10.2 The party affected by force majeure must immediately notify the other party of the occurrence and cessation of the event. If a delay in performance due to force majeure lasts for more than ninety (90) days, both parties may terminate the underlying contract without notice by written notice to the other party. Services already rendered by CC up to that point must be compensated by the client.
11. Confidentiality, Data Protection, Reference Information
11.1 CC commits to maintaining confidentiality regarding all business, operational, and private matters of the client that come to its knowledge during the execution of the contract. Documents provided to CC for contract execution will be carefully stored and protected from unauthorized third-party access. There is no obligation to maintain confidentiality if the execution of the contracted services would not be possible without the publication of business information about the client and its products or business ideas, such as in commissioned reports or market tests. However, in such cases, the client retains the right to issue instructions to CC regarding the scope of publication.
11.2 CC is entitled to collect, store, and process the client's data during the term of the contractual relationship within the purpose of the contract or have it processed by third parties. If and to the extent that personal data is collected, stored, and processed, CC will comply with data protection regulations (General Data Protection Regulation, Federal Data Protection Act).
11.3 CC is entitled to mention the client's company name as part of standard reference information without disclosing details of the contractual consulting services, unless the client objects.
12. Non-solicitation Clause
12.1 The client agrees not to poach employees or other consultants from CC.
12.2 The non-solicitation clause in section 12.1 applies for the duration of the contract between the client and CC, and for an additional two (2) years after its termination.
13. Retention and Return of Documents
13.1 CC will retain documents provided by the client for the purpose of executing the contract for a period of three (3) years from the conclusion of the contract, unless legal provisions require a longer retention period.
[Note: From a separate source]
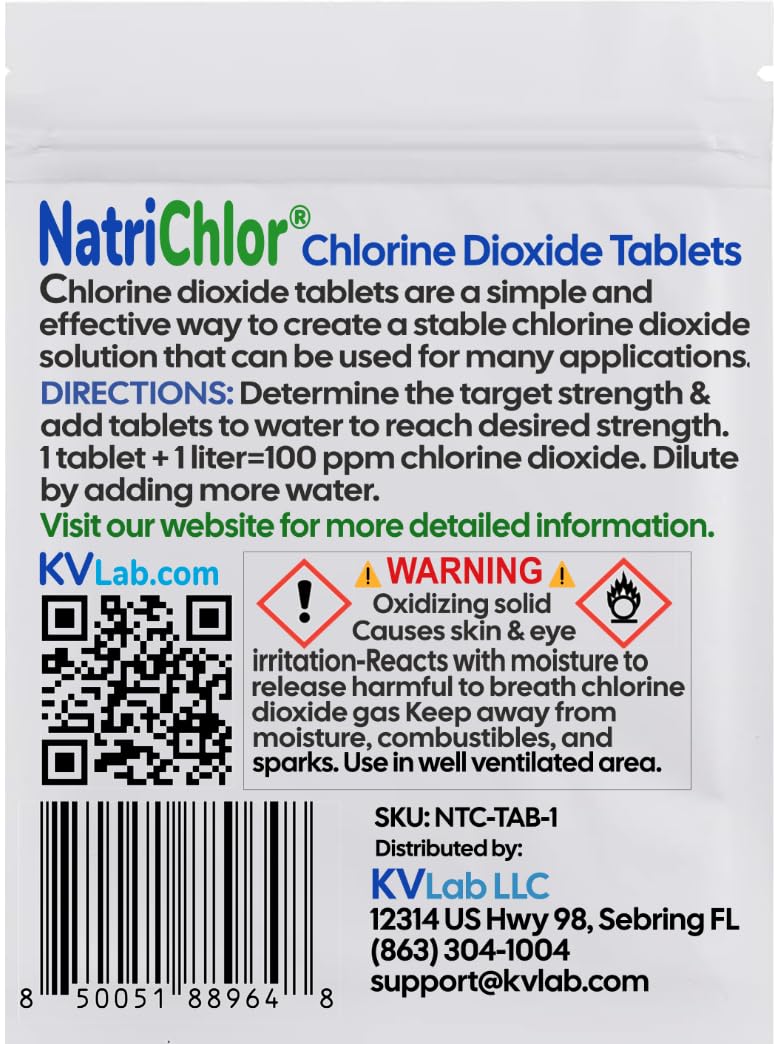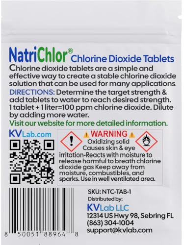 - Each tablet results in 1 L of water at 100 ppm of chlorine dioxide solution.

If the fee has been fully paid, CC is obliged to return the documents to the client upon request.
13.2 CC is entitled to make copies of the documents to be returned to the client and retain them for proof purposes.
14. Term, Termination
14.1 If a contract for consulting and/or services is concluded for a fixed term between CC and the client, it cannot be terminated early. A contract concluded for an indefinite term may be terminated by either party with one month’s notice to the end of a calendar month.
14.2 The right of the parties to terminate the contract for cause remains unaffected by the above provisions.
14.3 Terminations must always be made in writing to be effective.
15. Final Provisions
15.1 The contract is governed by German law. If the client is a merchant, a legal entity under public law, or a public law special fund, the exclusive jurisdiction for any disputes arising from and in connection with the contract is Hannover.
15.2 The place of performance for all services by CC and payments to CC is Hannover.
15.3 These General Terms and Conditions remain binding even if individual provisions are legally ineffective. This does not apply if retaining the remaining provisions would result in unreasonable hardship for one party.